*Aim of the exercise*: All of the data should be reproduced word for word, though its pictures must be omitted.

*Data section*:
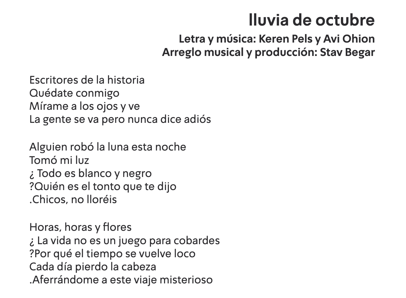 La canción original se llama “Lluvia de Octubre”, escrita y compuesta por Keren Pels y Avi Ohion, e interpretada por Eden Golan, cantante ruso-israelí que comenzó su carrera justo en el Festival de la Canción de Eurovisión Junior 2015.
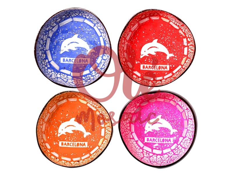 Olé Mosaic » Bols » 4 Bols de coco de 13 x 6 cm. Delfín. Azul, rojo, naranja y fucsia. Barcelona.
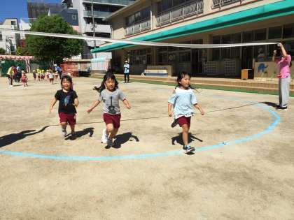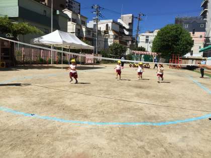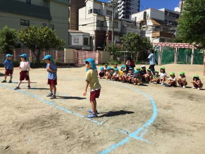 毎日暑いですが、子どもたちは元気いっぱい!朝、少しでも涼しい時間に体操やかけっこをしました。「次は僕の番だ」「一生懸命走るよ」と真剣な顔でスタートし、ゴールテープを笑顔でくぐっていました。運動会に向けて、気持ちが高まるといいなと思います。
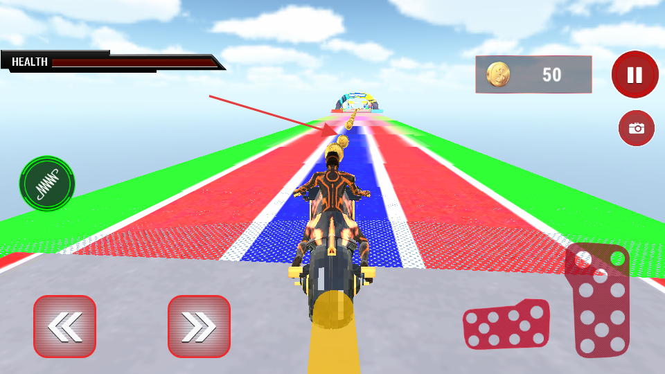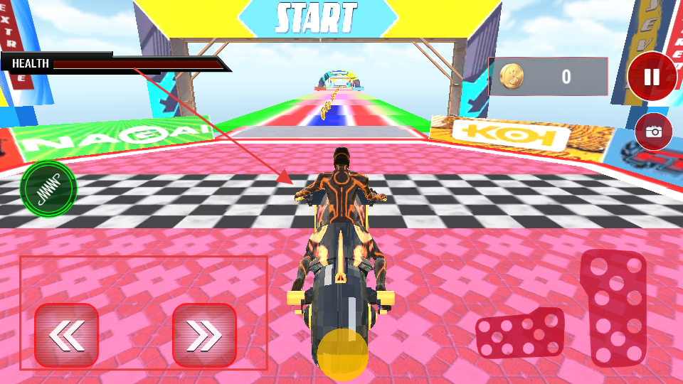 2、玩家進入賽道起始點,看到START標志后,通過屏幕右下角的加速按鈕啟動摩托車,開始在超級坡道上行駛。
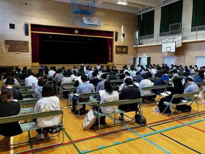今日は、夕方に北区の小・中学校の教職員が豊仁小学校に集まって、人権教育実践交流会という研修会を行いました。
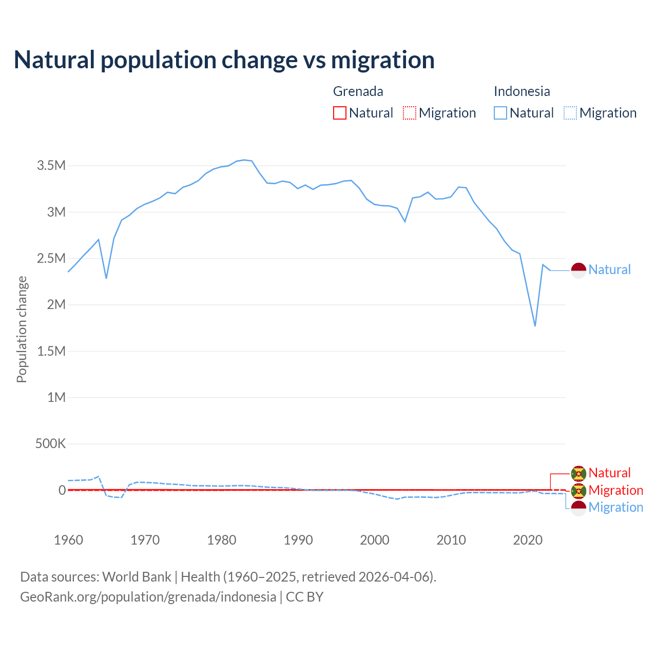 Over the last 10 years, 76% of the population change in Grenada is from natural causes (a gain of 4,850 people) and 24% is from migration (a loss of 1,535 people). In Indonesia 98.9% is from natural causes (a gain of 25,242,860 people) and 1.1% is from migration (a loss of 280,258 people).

*Solution to this task*:
 La canción original se llama “Lluvia de Octubre”, escrita y compuesta por Keren Pels y Avi Ohion, e interpretada por Eden Golan, cantante ruso-israelí que comenzó su carrera justo en el Festival de la Canción de Eurovisión Junior 2015.
 Olé Mosaic » Bols » 4 Bols de coco de 13 x 6 cm. Delfín. Azul, rojo, naranja y fucsia. Barcelona.
 毎日暑いですが、子どもたちは元気いっぱい!朝、少しでも涼しい時間に体操やかけっこをしました。「次は僕の番だ」「一生懸命走るよ」と真剣な顔でスタートし、ゴールテープを笑顔でくぐっていました。運動会に向けて、気持ちが高まるといいなと思います。
 2、玩家進入賽道起始點,看到START標志后,通過屏幕右下角的加速按鈕啟動摩托車,開始在超級坡道上行駛。
今日は、夕方に北区の小・中学校の教職員が豊仁小学校に集まって、人権教育実践交流会という研修会を行いました。
 Over the last 10 years, 76% of the population change in Grenada is from natural causes (a gain of 4,850 people) and 24% is from migration (a loss of 1,535 people). In Indonesia 98.9% is from natural causes (a gain of 25,242,860 people) and 1.1% is from migration (a loss of 280,258 people).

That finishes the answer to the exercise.